Directions for this task:
Among the entries that follow, the required portion opens with the line containing "子どもたちは、気温9度の寒さ" and closes with the line containing "4. En los siguientes". Give that portion again exactly, and nothing else.

Data for processing:
____________

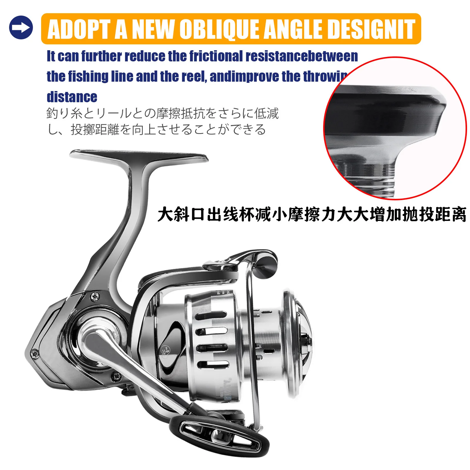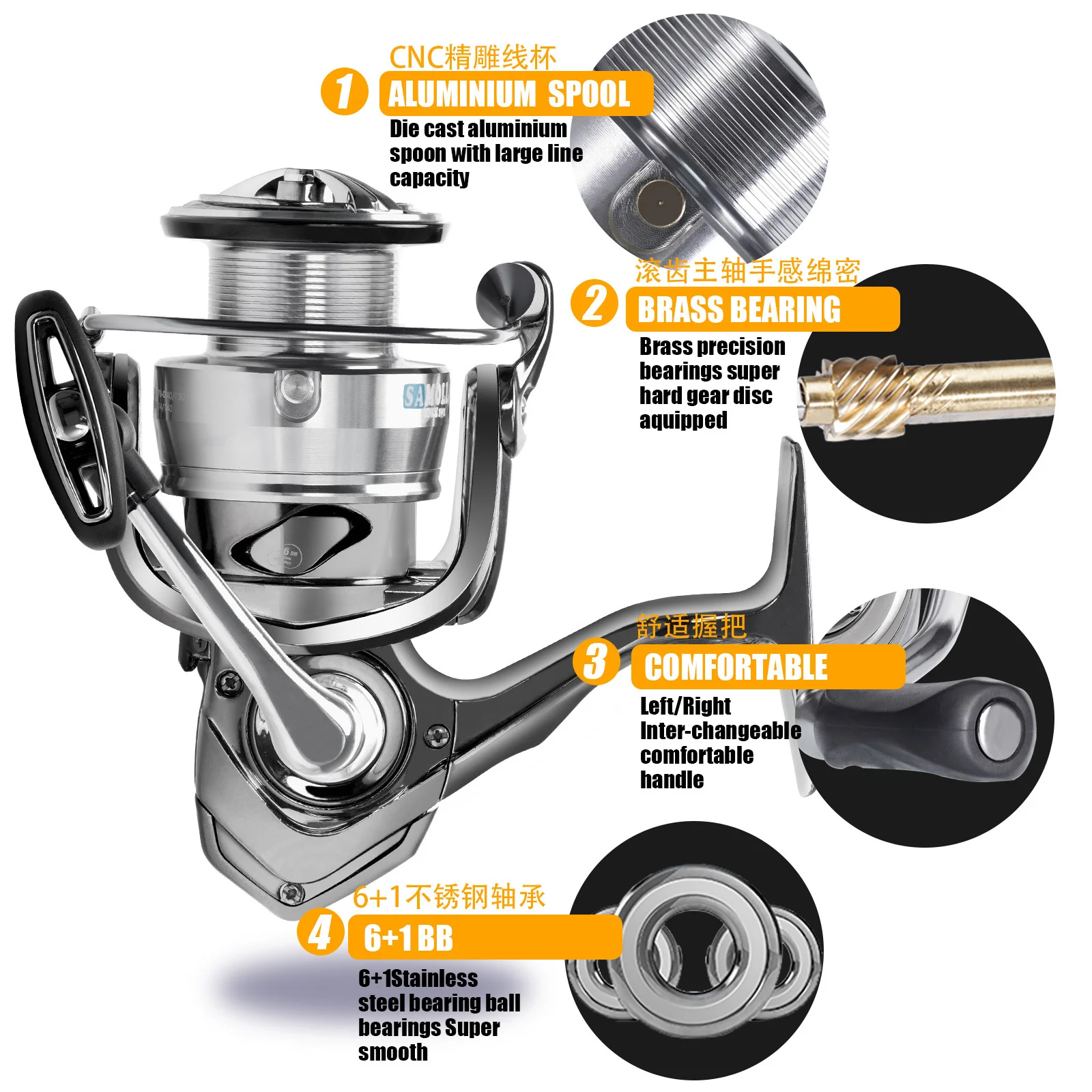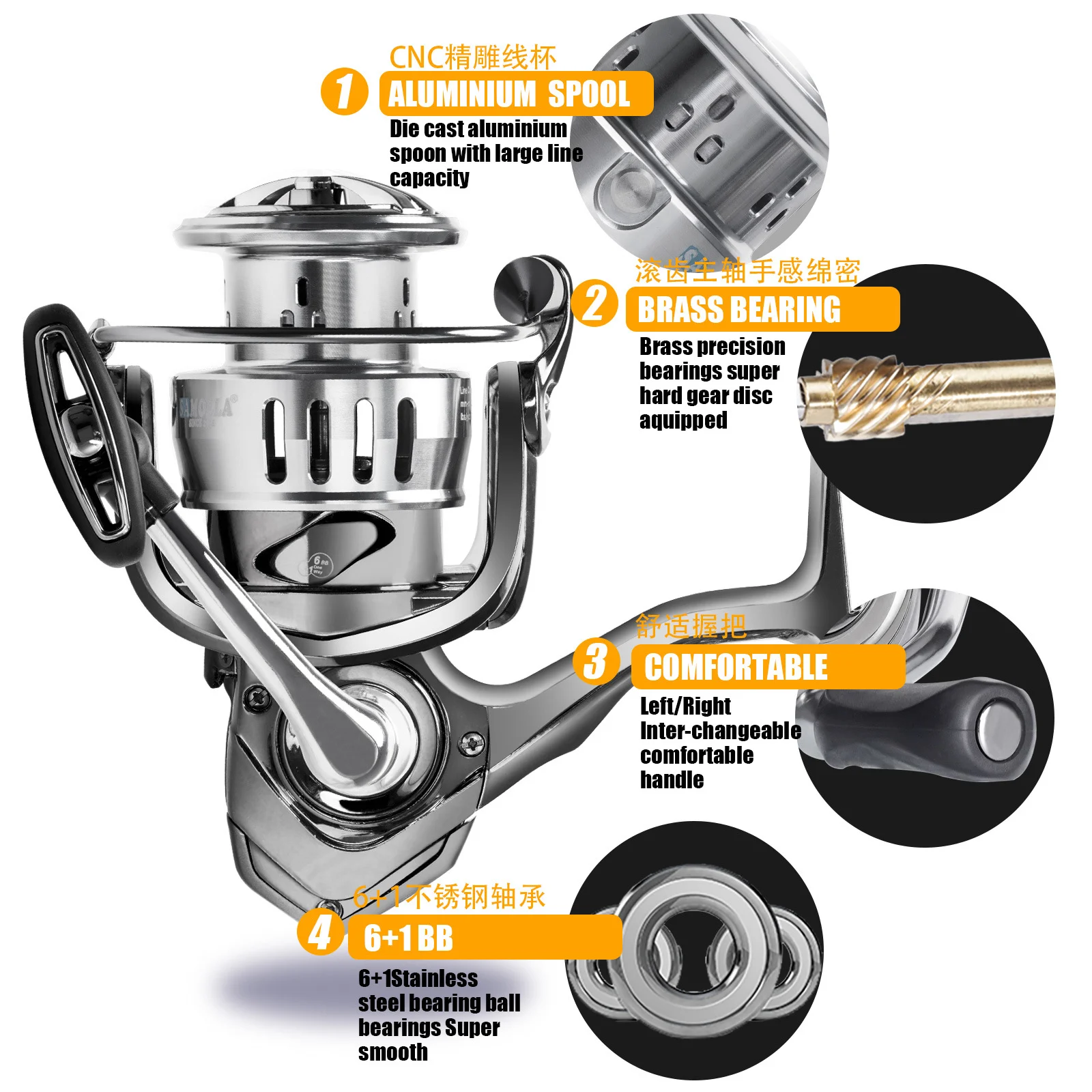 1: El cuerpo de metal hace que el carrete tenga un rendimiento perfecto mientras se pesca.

____________

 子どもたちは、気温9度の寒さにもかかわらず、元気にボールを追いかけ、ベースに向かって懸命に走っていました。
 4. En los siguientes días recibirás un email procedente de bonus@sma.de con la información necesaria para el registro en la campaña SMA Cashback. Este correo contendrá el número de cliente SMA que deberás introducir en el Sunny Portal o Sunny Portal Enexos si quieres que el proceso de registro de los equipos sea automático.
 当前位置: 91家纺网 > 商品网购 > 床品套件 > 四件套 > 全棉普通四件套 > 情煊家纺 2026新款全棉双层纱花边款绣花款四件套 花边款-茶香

____________

Exercise response:
 子どもたちは、気温9度の寒さにもかかわらず、元気にボールを追いかけ、ベースに向かって懸命に走っていました。
 4. En los siguientes días recibirás un email procedente de bonus@sma.de con la información necesaria para el registro en la campaña SMA Cashback. Este correo contendrá el número de cliente SMA que deberás introducir en el Sunny Portal o Sunny Portal Enexos si quieres que el proceso de registro de los equipos sea automático.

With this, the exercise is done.